* [PROVIDED INFORMATION]:

BEGIN

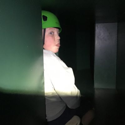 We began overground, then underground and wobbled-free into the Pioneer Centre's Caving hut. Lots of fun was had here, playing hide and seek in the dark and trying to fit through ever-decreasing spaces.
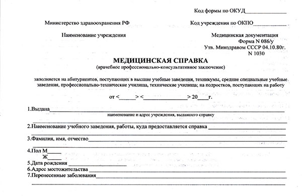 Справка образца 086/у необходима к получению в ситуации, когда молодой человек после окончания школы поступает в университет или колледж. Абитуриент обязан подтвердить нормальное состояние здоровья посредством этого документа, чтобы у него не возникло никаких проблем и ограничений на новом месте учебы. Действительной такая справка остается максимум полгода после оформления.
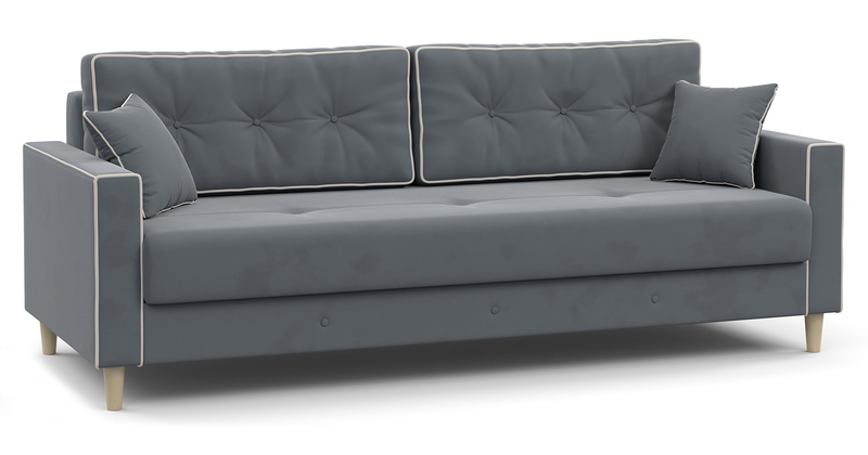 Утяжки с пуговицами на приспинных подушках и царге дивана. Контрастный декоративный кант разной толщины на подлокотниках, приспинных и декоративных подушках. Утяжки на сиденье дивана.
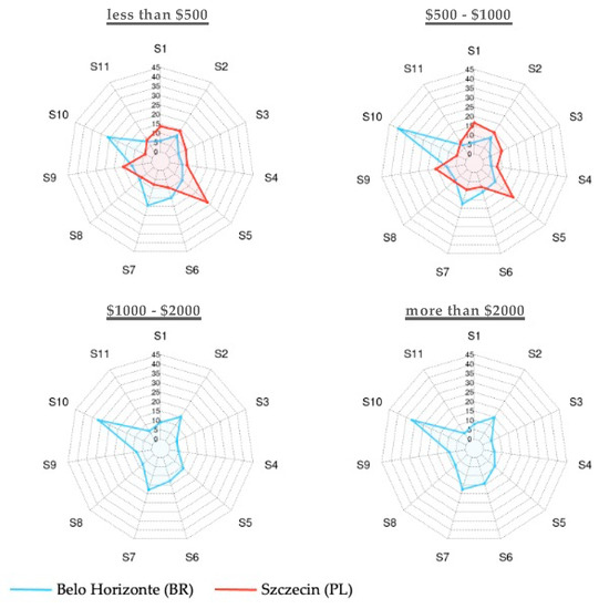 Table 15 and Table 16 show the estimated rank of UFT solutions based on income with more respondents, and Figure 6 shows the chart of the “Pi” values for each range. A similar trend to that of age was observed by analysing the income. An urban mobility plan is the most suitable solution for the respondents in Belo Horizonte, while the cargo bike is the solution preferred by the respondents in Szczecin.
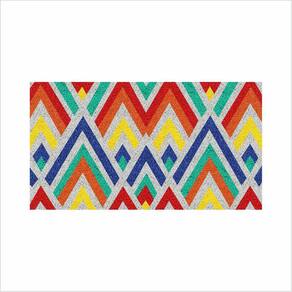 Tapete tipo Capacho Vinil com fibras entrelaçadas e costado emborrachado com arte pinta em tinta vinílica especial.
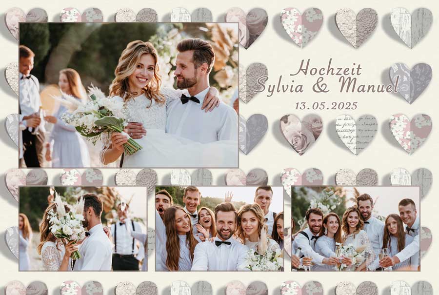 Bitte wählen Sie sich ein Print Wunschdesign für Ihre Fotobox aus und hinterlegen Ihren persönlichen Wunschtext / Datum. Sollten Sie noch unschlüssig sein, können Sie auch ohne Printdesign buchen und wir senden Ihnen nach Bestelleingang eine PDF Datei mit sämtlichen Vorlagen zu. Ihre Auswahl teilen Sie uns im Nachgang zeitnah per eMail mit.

END

* [TASK STATEMENT]:
Retype, exactly and with no pictures, everything above from the line with "Table 15 and" down to the line with "Tapete tipo Capacho", both included.

* [TASK SOLUTION]:
 Table 15 and Table 16 show the estimated rank of UFT solutions based on income with more respondents, and Figure 6 shows the chart of the “Pi” values for each range. A similar trend to that of age was observed by analysing the income. An urban mobility plan is the most suitable solution for the respondents in Belo Horizonte, while the cargo bike is the solution preferred by the respondents in Szczecin.
 Tapete tipo Capacho Vinil com fibras entrelaçadas e costado emborrachado com arte pinta em tinta vinílica especial.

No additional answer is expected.